Still, an investment boom should help the U.S. economy increase productivity and boost competitiveness. And so far, the outlook for capital spending is good. Over the past three months, orders for new machinery rose 12%, to their highest level ever. Business spending on equipment such as machinery and computers increased at a 14.4% annual clip in the fourth quarter, far faster than overall growth. And equipment investment could surge 12.9% this year, says Chris Varvares, an economist at Laurence H. Meyer & Associates. That means more than 8% of national output would be going to business equipment, its biggest share ever (chart). Adds Bruce Steinberg, an economist at Merrill Lynch & Co.: "The capital-goods sector will be the strongest part of the economy in 1993."

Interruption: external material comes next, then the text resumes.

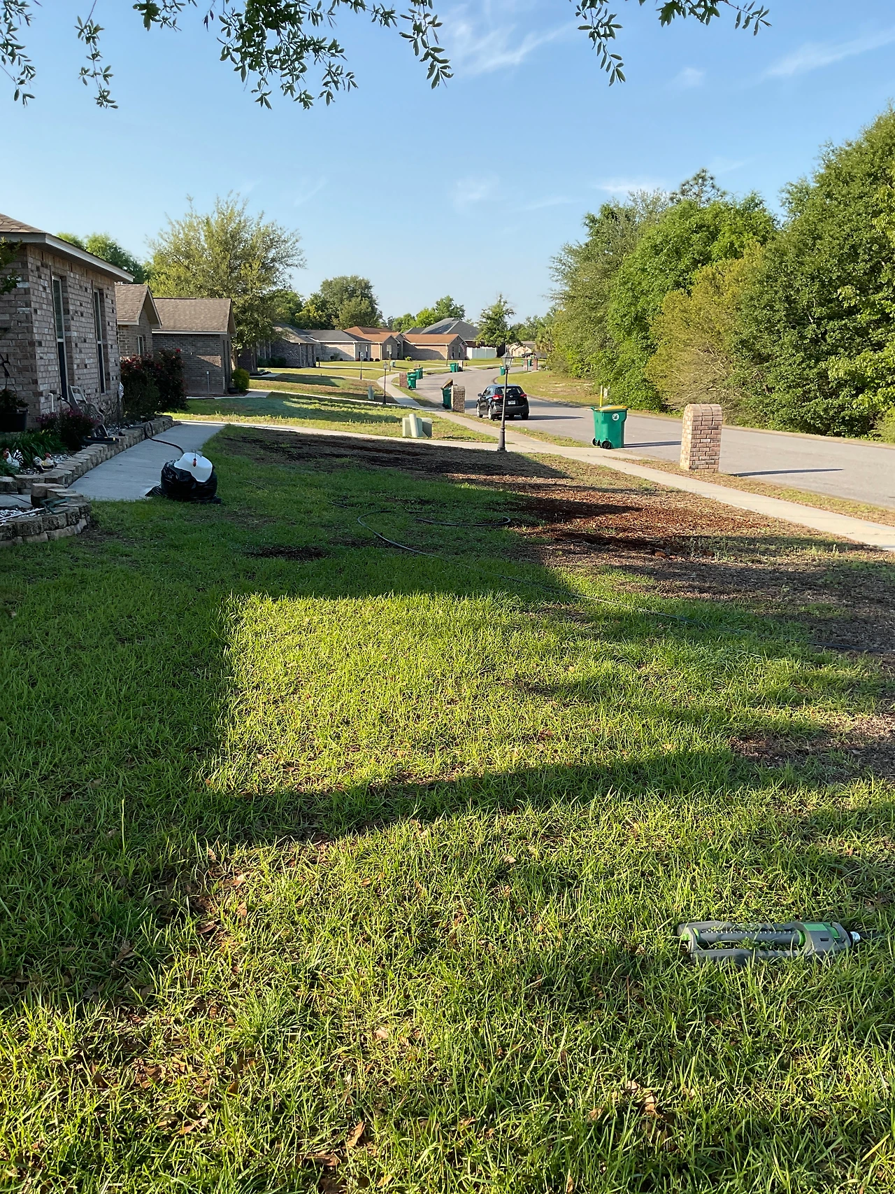 플로리다는 바닷가 근처라 집을 지을 때 콘크리트로 기초를 올리고 그 위에 집을 짓는데 마당이 모레라 흙으로 덮고 흙 위에

Underlying much of this strength are low interest rates, which have a powerful stimulant effect on capital spending across the economy. In part, lower rates make borrowing cheaper and encourage companies to consider a wider range of capital investments. For example, a new factory, unprofitable when financed at 10%, may be worthwhile when rates are down to 7%.
Equally important, low rates should prompt a flood of capital investment by small and midsize companies. This is how it works: When interest rates are up, such companies are too high-risk to get loans from banks, which can get good returns just by putting their money into safe government securities. But as rates come down, banks will have to start lending again to make profits. Individual investors, too, will have to take risks to get higher returns, either by putting money into the stock market or investing directly in growing businesses.

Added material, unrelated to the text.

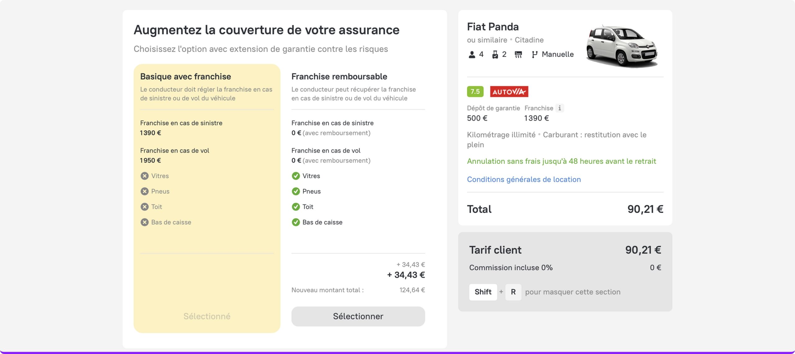 L’assurance pour la location de voitures devient encore plus flexible. En choisissant une formule de base avec franchise, vous verrez désormais les options d’assurance disponibles directement dans le formulaire de réservation. Cela vous permet de comparer facilement les niveaux de couverture et de sélectionner l’option la plus adaptée.
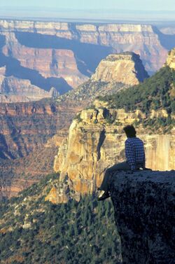 This rock formation is particularly prominent in the Grand Canyon, where it is visible as a prominent white cliff-forming layer. The thickness of the formation varies due to regional structural features; in the Grand Canyon area it is only 65 feet (20 m) thick in the west, thickens to over 600 feet (180 m) in the middle and then thins to 57 feet (17 m) in the east. Either the Kaibab Limestone or Toroweap Formation overlies the Coconino Sandstone. The Coconino Sandstone is typically buff to white in color. It consists primarily of fine well-sorted quartz grains, with minor amounts of potassium feldspar grains deposited by eolian processes (wind-deposited) approximately 275 million years ago. Several structural features such as ripple marks, sand dune deposits, rain patches, slump marks, and fossil tracks are not only well preserved within the formation, but also contribute evidence of its eolian origin.[3][4][5]

That's already starting to happen as a torrent of money floods into the stock market, making it easier for companies to float new offerings. That could boost capital investment by high-tech companies. Such outfits typically don't get any direct benefit from lower interest rates. "Most Silicon Valley companies are equity-financed, not debt-financed," explains Keith E. Sorenson, CEO of RasterOps Corp. in Santa Clara, Calif., which sells circuit boards and other products that enhance computer graphics. "We're all $30 million to $40 million companies considered high-risk."
ANGELIC RESCUE. Lower rates may also enable small companies and startups to tap into new sources of funds. Edward Foote, executive director of a nonprofit business-development firm in upstate New York that helps nurture high-tech ceramics companies, already sees a new wave of "angel" investors willing to put money into growing small companies. "They're looking for a better return on their dollar," says Foote. "Now, companies will have access to capital that was just parked in more conservative investments."
Banks, too, may be finally ready to lend again. With rates dropping, the amount of Treasuries held by commercial banks declined in January for the first time in four years. And if Clinton relaxes regulatory pressure on banks, as he promised on Mar. 10, it could help growing businesses that can't get credit. "If you can get the banks to want to find customers," says Robert Breault, head of Breault Research, a high-tech optics company in Tucson, "firms like ours would be willing to borrow, and we would be able to create jobs and expand."
For years, the U.S. has struggled with high interest rates. Now that they have come down, the nation may finally see just how powerful low rates can be.